**Required work**
Take the data below and write it out exactly, except for the pictures.

**Data below**
──────────────────────────────
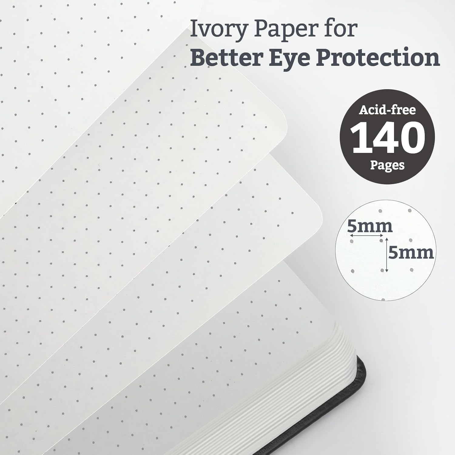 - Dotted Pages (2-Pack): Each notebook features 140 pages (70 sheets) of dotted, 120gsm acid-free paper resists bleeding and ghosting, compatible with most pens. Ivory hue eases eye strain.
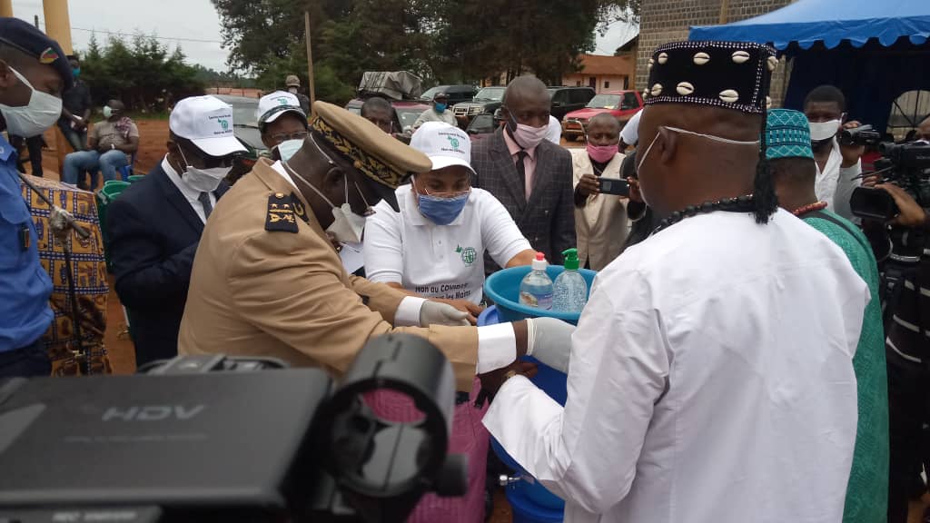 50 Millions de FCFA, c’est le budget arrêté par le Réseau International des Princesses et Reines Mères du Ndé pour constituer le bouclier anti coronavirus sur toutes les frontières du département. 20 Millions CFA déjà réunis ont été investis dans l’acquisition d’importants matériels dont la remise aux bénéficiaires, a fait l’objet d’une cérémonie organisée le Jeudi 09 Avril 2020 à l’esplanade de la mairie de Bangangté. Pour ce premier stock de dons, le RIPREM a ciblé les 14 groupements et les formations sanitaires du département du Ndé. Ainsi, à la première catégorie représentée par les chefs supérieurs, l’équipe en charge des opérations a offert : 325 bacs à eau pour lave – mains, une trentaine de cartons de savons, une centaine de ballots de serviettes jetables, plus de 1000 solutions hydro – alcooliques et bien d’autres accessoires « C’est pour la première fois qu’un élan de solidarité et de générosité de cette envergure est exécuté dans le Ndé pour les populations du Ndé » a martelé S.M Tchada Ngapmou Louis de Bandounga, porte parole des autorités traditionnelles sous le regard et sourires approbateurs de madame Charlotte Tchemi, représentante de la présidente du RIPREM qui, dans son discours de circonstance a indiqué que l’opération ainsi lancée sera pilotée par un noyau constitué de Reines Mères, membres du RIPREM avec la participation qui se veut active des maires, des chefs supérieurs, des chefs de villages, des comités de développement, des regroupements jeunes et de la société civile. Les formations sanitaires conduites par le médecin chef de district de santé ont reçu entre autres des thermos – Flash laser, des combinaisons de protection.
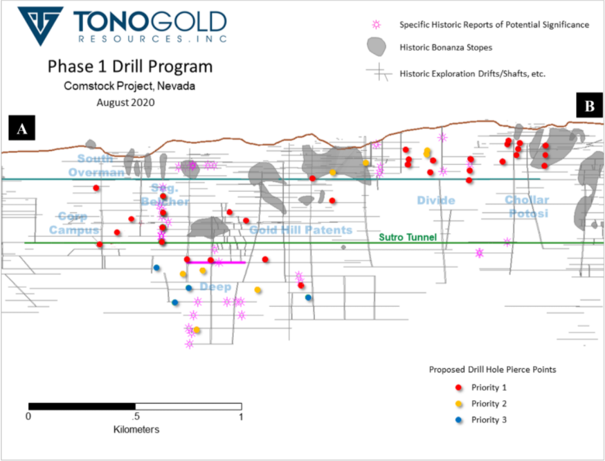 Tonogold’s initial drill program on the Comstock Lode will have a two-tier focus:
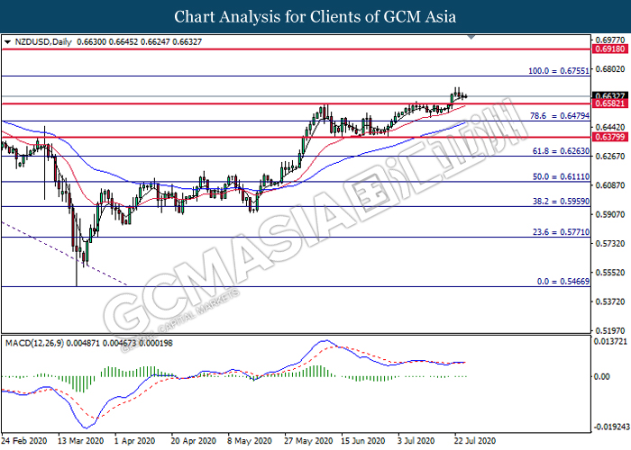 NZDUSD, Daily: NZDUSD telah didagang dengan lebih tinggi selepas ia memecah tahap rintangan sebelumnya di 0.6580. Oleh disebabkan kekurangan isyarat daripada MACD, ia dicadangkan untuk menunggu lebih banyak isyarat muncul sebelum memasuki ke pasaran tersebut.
──────────────────────────────
**Solved exercise**
 - Dotted Pages (2-Pack): Each notebook features 140 pages (70 sheets) of dotted, 120gsm acid-free paper resists bleeding and ghosting, compatible with most pens. Ivory hue eases eye strain.
 50 Millions de FCFA, c’est le budget arrêté par le Réseau International des Princesses et Reines Mères du Ndé pour constituer le bouclier anti coronavirus sur toutes les frontières du département. 20 Millions CFA déjà réunis ont été investis dans l’acquisition d’importants matériels dont la remise aux bénéficiaires, a fait l’objet d’une cérémonie organisée le Jeudi 09 Avril 2020 à l’esplanade de la mairie de Bangangté. Pour ce premier stock de dons, le RIPREM a ciblé les 14 groupements et les formations sanitaires du département du Ndé. Ainsi, à la première catégorie représentée par les chefs supérieurs, l’équipe en charge des opérations a offert : 325 bacs à eau pour lave – mains, une trentaine de cartons de savons, une centaine de ballots de serviettes jetables, plus de 1000 solutions hydro – alcooliques et bien d’autres accessoires « C’est pour la première fois qu’un élan de solidarité et de générosité de cette envergure est exécuté dans le Ndé pour les populations du Ndé » a martelé S.M Tchada Ngapmou Louis de Bandounga, porte parole des autorités traditionnelles sous le regard et sourires approbateurs de madame Charlotte Tchemi, représentante de la présidente du RIPREM qui, dans son discours de circonstance a indiqué que l’opération ainsi lancée sera pilotée par un noyau constitué de Reines Mères, membres du RIPREM avec la participation qui se veut active des maires, des chefs supérieurs, des chefs de villages, des comités de développement, des regroupements jeunes et de la société civile. Les formations sanitaires conduites par le médecin chef de district de santé ont reçu entre autres des thermos – Flash laser, des combinaisons de protection.
 Tonogold’s initial drill program on the Comstock Lode will have a two-tier focus:
 NZDUSD, Daily: NZDUSD telah didagang dengan lebih tinggi selepas ia memecah tahap rintangan sebelumnya di 0.6580. Oleh disebabkan kekurangan isyarat daripada MACD, ia dicadangkan untuk menunggu lebih banyak isyarat muncul sebelum memasuki ke pasaran tersebut.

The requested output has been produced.